Reddit cracks down on bots with new human verification rules for suspicious activity
Reddit introduces new human verification requirements to combat bots and suspicious behaviour, aiming to improve platform authenticity and user trust.
Social media platform Reddit is stepping up efforts to combat bots by introducing new human-verification measures and clearer labelling of automated accounts, as concerns grow about non-human activity across online communities.
The move comes as another platform, Digg, recently shut down after failing to control bot activity overwhelming its service. Reddit, however, says it is taking a more structured approach to managing the issue.
The company announced it will begin labelling automated accounts that provide useful services to users, similar to how “good bots” are identified on X. At the same time, Reddit will require accounts suspected of being bots to verify that humans operate them.
Reddit emphasised that this verification will not be required across the entire platform. Instead, it will be triggered only when indicators suggest an account may not be human. These signals could include unusual activity patterns or technical markers associated with automation. Accounts that fail to verify may face restrictions, the company said.
To detect suspicious behaviour, Reddit is deploying specialised tools that analyse account-level signals and usage patterns, such as how quickly an account is generating posts or comments. Notably, using AI tools to help write content does not violate Reddit’s policies, although individual communities may enforce their own guidelines.
For verification, Reddit plans to use third-party solutions, including passkeys from Apple, Google, and YubiKey, as well as biometric systems like Face ID and identity tools such as World ID developed by Sam Altman. In some regions — including the U.K., Australia, and certain U.S. states — government-issued identification may also be required under local age-verification laws. However, Reddit said this is not its preferred method.
Reddit co-founder and CEO Steve Huffman said the company aims to maintain user privacy while ensuring authenticity. He noted that the goal is to confirm that an account belongs to a real person, not to identify who that person is, preserving the anonymity that defines Reddit’s platform.
These changes are designed to address the increasing presence of bots across the internet, where automated accounts are often used to influence political discussions, spread misinformation, manipulate engagement metrics, promote products covertly, and generate fraudulent ad traffic. Research from Cloudflare suggests that bot-generated traffic could surpass human-generated traffic by 2027 when including AI agents and web crawlers.
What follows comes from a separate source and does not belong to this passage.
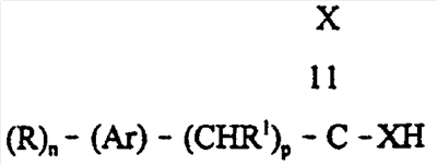где R представляет собой углеводород или, по существу, углеводородный радикал, содержащий, по меньшей мере, четыре алифатических атома углерода, R’ представляет собой водород или С(Х)ХН, n равно целому числу от одного до четырех, Ar представляет собой поливалентный ароматический углеводородный радикал, в целом содержащий до четырнадцати атомов углерода в ароматическом кольце, каждый из Х независимо представляет собой двухвалентную серную или кислородную группу, а р равно нулю или целому числу от одного до шести, при условии, что R и n имеют значения, предполагающие содержание, в среднем, по меньшей мере, восьми алифатических атомов углерода, обеспечиваемых заместителями R для каждой представленной молекулы кислоты. Примерами ароматических радикалов, представленных остатком Ar, являются поливалентные ароматические радикалы, полученные из бензола, нафталина, антрацена, фенантрена, индена, флуорена, бифенила и т.п. Как правило, радикал, представленный Ar, означает поливалентный радикал, полученный из бензола или нафталина, такого как фенилены и нафталин, например метилфенилены, меркаптофенилены, N,N-диэтиламинофенилены, хлорфенилены, дипропоксинафталины, триэтилнафталины и их подобные три-, тетра- и пятивалентные радикалы.

Reddit has become a key target for such activity, with bots frequently used for narrative manipulation, spam, reposting links, and even generating content to train AI systems. The platform’s data is widely used in AI model training through commercial agreements with developers, prompting speculation that bots may also be posting questions to expand training datasets in areas where AI lacks sufficient information.
Reddit co-founder Alexis Ohanian has previously spoken about the so-called “dead internet theory,” which suggests that bots could outnumber humans online. With the rise of AI-generated content and automated agents, the idea is increasingly being taken seriously.
The company had already signalled last year that it would introduce human verification measures in response to the growing bot problem and evolving regulatory demands. However, Huffman acknowledged that existing solutions are not ideal, noting in a recent appearance on the TBPN podcast that better systems are still needed. “The best long-term solutions will be decentralised, individualised, private, and ideally not require an ID at all,” Huffman said in the latest announcement.
Alongside these new measures, Reddit confirmed it will continue to remove spam and bot accounts, with the current average around 100,000 per day. It will also rely on user reports and is working on improved tools to identify suspicious activity. Developers operating legitimate automated accounts can now label them using a new “APP” designation, with further guidance available in the r/redditdev community.